Enfin, le moyen tiré de la violation des stipulations de l’article 3 de la convention européenne de sauvegarde des droits de l’homme et des libertés fondamentales doit être écarté comme inopérant à l’encontre la décision portant interdiction de retour sur le territoire français.
Il résulte de l’ensemble de ce qui précède que les conclusions à fin d’annulation des deux requêtes doivent être rejetées.
Sur les conclusions en injonction :
Le présent jugement, qui rejette les conclusions des requêtes de M. E… et Mme B… à fin d’annulation, n’appelle aucune mesure d’exécution. Les conclusions à fin d’injonction, sous astreinte, doivent par conséquent être rejetées.

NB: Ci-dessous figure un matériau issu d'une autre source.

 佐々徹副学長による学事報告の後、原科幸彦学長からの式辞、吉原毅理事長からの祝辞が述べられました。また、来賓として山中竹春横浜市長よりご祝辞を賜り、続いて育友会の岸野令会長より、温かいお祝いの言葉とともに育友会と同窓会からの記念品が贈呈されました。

Sur les frais de l’instance :
Les dispositions de l’article L. 761-1 du code de justice administrative et de l’article 37 de la loi du 10 juillet 1991 font obstacle à ce que soit mise à la charge de l’Etat, qui n’est pas partie perdante dans la présente instance, la somme que M. E… et Mme B… demandent, au bénéfice de leur conseil, au titre des frais de l’instance.
D E C I D E :
Article 1er : Les requêtes de M. E… et Mme B… sont rejetées.
Article 2 : Le présent jugement sera notifié à M. F… E…, à Mme C… B…, à Me Vray et au préfet du Rhône.
Délibéré après l’audience du 20 mai 2026, à laquelle siégeaient :
Mme Bour, présidente ;
Mme Duca, première conseillère ;
Mme Gros, première conseillère.
Rendu public par mise à disposition au greffe le 2 juin 2026.
La présidente-rapporteure,
A-S. Bour
L’assesseure la plus ancienne,
Duca
La greffière,
C. Touja
La République mande et ordonne au préfet du Rhône en ce qui le concerne ou à tous commissaires de justice à ce requis en ce qui concerne les voies de droit commun contre les parties privées, de pourvoir à l’exécution de la présente décision.